# Q for LRQ - what's in your camera bag?



## NicholasG (Jan 12, 2019)

I noticed in a few posts you've mentioned shooting with Olympus cameras. I'm curious/noisy for some more details 

I'm also thinking about moving to a lighter system - my full frame canon + 70-200 is a lot of weight for the kind of photography I find I'm doing more and more (travel, landscape and wildlife). I noticed on our most recent trip to the NZ/AUS  sub antarctic islands that 2 of the guides had OM-D E-1M Mk II cameras and where getting excellent results.

Thanks!

Nicholas


----------



## Victoria Bampton (Jan 12, 2019)

I have an OM-D EM1 Mk2 which generally has the 12-100 lens on it (so 24-200 equivalent). Really impressed with that combination.

I also have the OM-D E-M10 Mk1 which usually has the 25mm 1.8 as a small walkabout camera. 

I have the 75-300 for a long lens, but if I did more telephoto shots, I'd upgrade to the Panasonic 100-400 I think. I have a few other lenses knocking around, but they don't leave my shelf very often.

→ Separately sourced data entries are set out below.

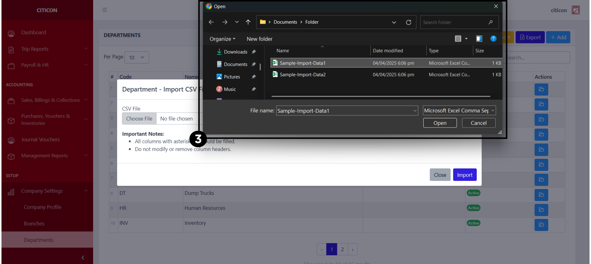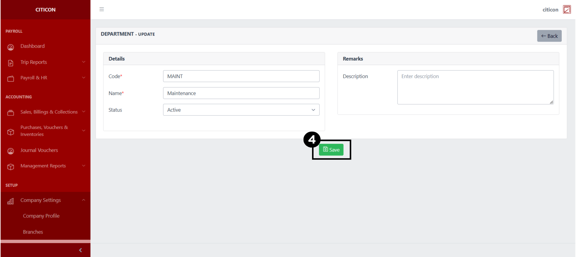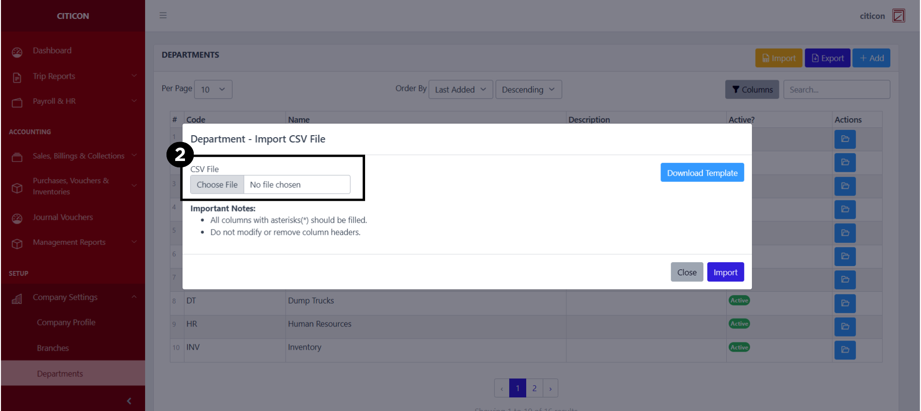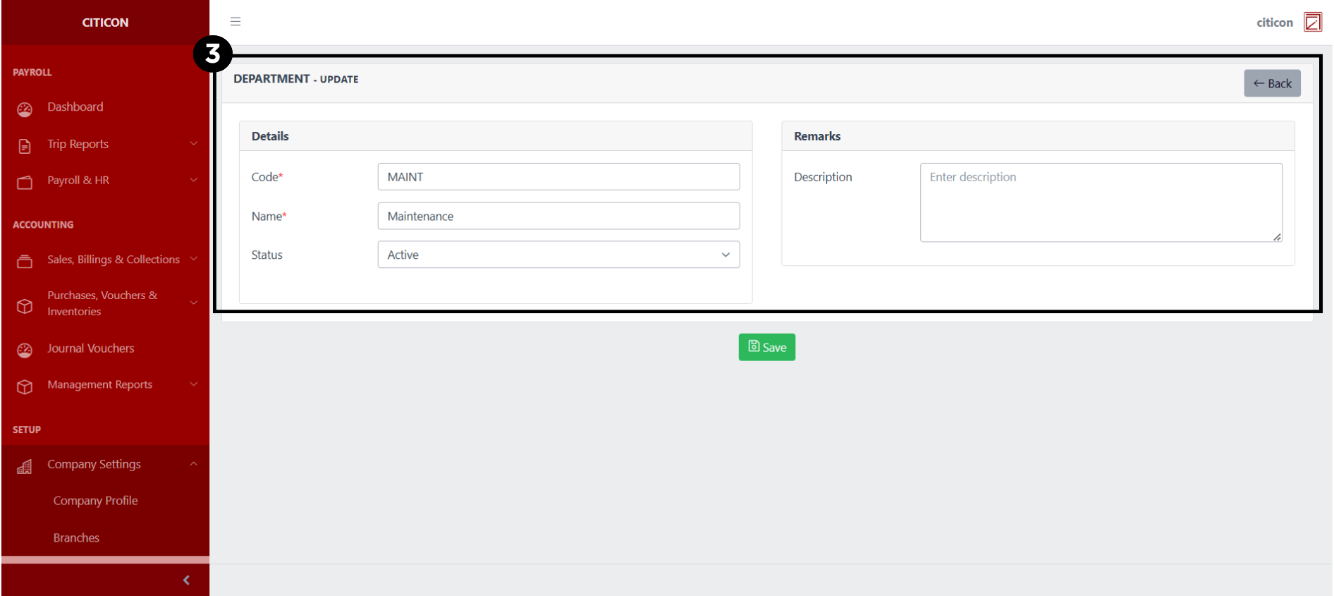 Welcome to Citicon Payroll and Accounting Systems Configuration for Departments. This section is dedicated to organizing your company’s internal structure by managing various departments across the organization.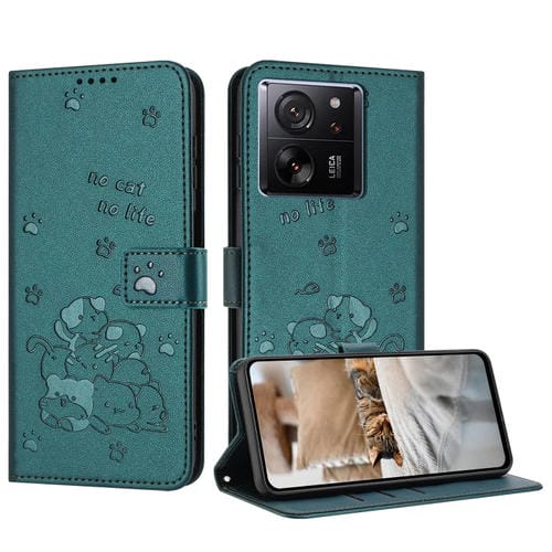 Funda de Piel con Diseño de Gatito En Relieve para Redmi K60 Ultra con Cordón (Verde Oscuro)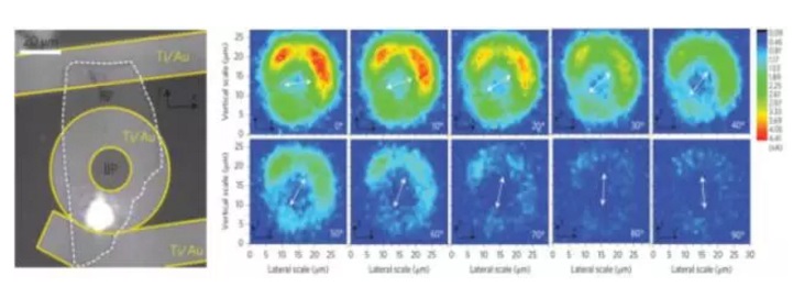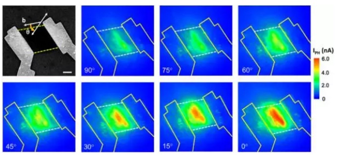 同年,斯坦福大學袁洪濤和崔屹等人將一塊黑磷薄片製作成上下垂直pn結,有效分離光生載流子,如圖3所示,同時製作一個環狀電極,消除電極/黑磷邊緣對偏振探測的幹擾。結果顯示黑磷具有明顯的偏振光敏感性。

I'm not a pixel peeper, but for me, it's a really good compromise between image quality at a much lighter weight.


----------



## micwarmington (Feb 12, 2019)

Victoria Bampton said:


> I have an OM-D EM1 Mk2 which generally has the 12-100 lens on it (so 24-200 equivalent). Really impressed with that combination.
> 
> I also have the OM-D E-M10 Mk1 which usually has the 25mm 1.8 as a small walkabout camera.
> 
> ...


hi victoria - i use panasonic cameras (G9) and lenses but lightroom does not support the new LmonochromeD profile - do you know if they might be doing something about that ? muchos regardos, mic w.


----------



## Victoria Bampton (Feb 12, 2019)

Not a clue Mic. Have they added support for its other camera profiles? You could put in a request at Official Feature Request/Bug Report Forum


----------



## Replytoken (Feb 12, 2019)

I have both Nikon and Olympus (and Panasonic) systems and as a lover of my Nikkor 70-200 VRII, I can say that the Olympus 40-150 is a great equivalent. It is an amazing lens that delivers excellent IQ.  And that system is much smaller and more easily manageable to carry all day long.  And if you are shooting something like BIF, the E-M1 MkII is a step up from from the MkI (which I use).  Then again, I prefer my D500 when photographing things that move fast.

Good luck,

--Ken


----------